• Given information:
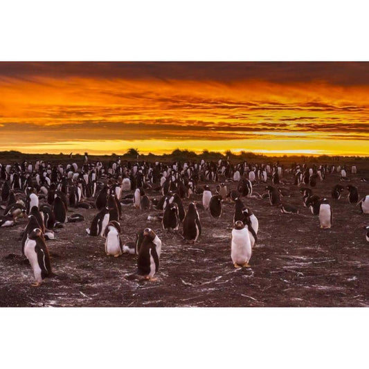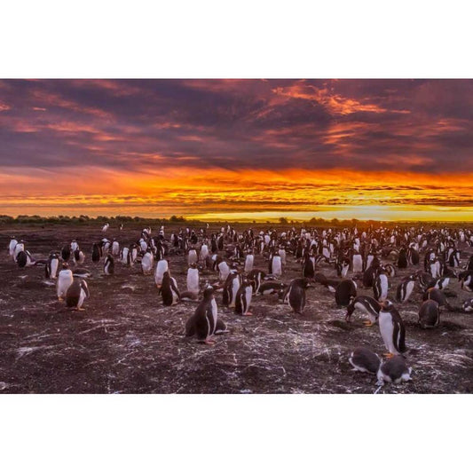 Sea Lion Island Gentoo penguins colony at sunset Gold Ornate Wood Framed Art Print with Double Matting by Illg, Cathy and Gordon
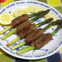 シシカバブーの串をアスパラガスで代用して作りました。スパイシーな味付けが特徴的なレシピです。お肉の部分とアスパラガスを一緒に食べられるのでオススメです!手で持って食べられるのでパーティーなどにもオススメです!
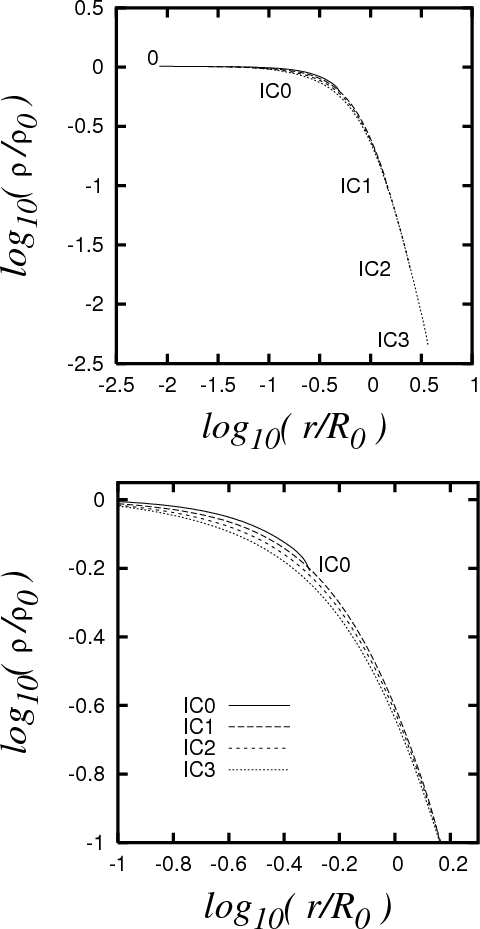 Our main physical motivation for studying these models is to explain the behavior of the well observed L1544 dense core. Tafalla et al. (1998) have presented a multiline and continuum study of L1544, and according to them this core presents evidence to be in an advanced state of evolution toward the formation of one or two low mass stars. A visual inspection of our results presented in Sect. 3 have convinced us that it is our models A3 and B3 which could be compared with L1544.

• Task brief:
Return the opening line of the data above and every line after it up to and including the line that holds "シシカバブーの串をアスパラガ"; pictures stay out.

• Exercise output:
 Sea Lion Island Gentoo penguins colony at sunset Gold Ornate Wood Framed Art Print with Double Matting by Illg, Cathy and Gordon
 シシカバブーの串をアスパラガスで代用して作りました。スパイシーな味付けが特徴的なレシピです。お肉の部分とアスパラガスを一緒に食べられるのでオススメです!手で持って食べられるのでパーティーなどにもオススメです!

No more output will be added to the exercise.